In the given project, we have modelled S&P Case-Schiller Home Price Index using various publicly available datasets for key supply-demand factors that influence US home prices. Towards the end of the project we build a data science model that explains how these factors impacted home prices over the last 20 years[2000-2020].
- population
- average expenditure 25-34 - average annual expenditure by people in age group 25-34
- average expenditure 35-44
- average expenditure 45-54
- avg-expenditure-55-64
HCAI - Housing Credit availability index
- HCAI_GOVT
- HCAI_GSE - Government sponsorship enterprises
- HCAI_PP - Portfolio and private label securities loan
- MORTGAGE30US
- GDP
- CPI - Consumer price index (expressed in terms of %)

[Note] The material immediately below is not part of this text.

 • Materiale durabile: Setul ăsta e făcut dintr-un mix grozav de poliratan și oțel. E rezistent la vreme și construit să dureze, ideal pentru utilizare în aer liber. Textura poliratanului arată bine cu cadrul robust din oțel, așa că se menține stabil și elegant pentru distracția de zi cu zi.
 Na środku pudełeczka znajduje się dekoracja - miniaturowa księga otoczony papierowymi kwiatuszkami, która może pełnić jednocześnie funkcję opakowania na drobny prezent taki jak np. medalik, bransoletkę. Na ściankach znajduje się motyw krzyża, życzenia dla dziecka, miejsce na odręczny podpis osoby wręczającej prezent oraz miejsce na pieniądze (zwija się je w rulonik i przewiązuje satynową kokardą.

- private_job_gains (Number of new private job gains in a month)
- personal_saving_rate (expressed in terms of %)
- UNRATE - Unemployment rate
- unrate_construction - Unemployment rate in construction industry
- employees_construction - Number of employees in construction industry
- industrial_production_cement
- residential_const_val - Total value of residential construction(monthly)
- producer_price_index_concrete_brick
- houses-for-sale-to-sold - Number of houses for sale vs number of houses that got sold
- home-ownership-rate - Percentage of U.S. homes that are owner-occupied
- house_units_completed - Number of new house units completed in a given month
- retail_sales_home_furnishing_stores - Sales of home furnishing stores
- nonresidential_const_val - Total value of residential construction(monthly)

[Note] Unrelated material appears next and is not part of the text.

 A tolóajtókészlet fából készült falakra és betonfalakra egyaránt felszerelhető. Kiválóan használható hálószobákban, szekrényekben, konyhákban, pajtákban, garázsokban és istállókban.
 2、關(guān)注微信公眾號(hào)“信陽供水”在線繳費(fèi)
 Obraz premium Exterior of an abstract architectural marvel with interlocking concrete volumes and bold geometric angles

- permits - Building permits
Some of the features are in annual and quaterly frequency, we have converted them into monthly frequency by assuming equal distribution of change of feature value during that period.
- Some of the features are not linearly correlated with the target, but derivative of these features are influencing the prices.
- To capture such derivates, we have taken cumulative sum, rolling sum (mostly 12 months), rate of change (past 12 months) and trend (introduced a categorical variable, "UP" for uptrend and "DOWN" for downtrend )
The variable permits is not linearly correlated with the target variable, but its derivate, (cumulative sum) has a correlation coefficient of 0.66 **-- Average length of time from start to completion of new privately owned residential buildings in the U.S is roungly 8 - 12 months , hence we have taken window size of 12 months**
Features with zero coefficients (eliminated)
avg_expenditure_45_54
avg_expenditure_55_64
GDP
private_job_gains
MORTGAGE30US
permits
producer_price_index_concrete_brick
UNRATE
unrate_construction
avg_expenditure_35_54
HCAI
cpi_cum
houses_for_sale_to_sold_cum
private_job_gains_cum
house_units_completed_cum
industrial_production_cement_rate
pvt_owned_house_under_const_rate
permits_rate
house_units_completed_rate
HOUSES_S2S_TREND_UP
PERMITS_TREND_UP
private_job_gains_trend_UP
pvt_owned_house_under_const_trend_UP
house_units_completed_trend_UP
Features with non-zero coefficients (influential factors)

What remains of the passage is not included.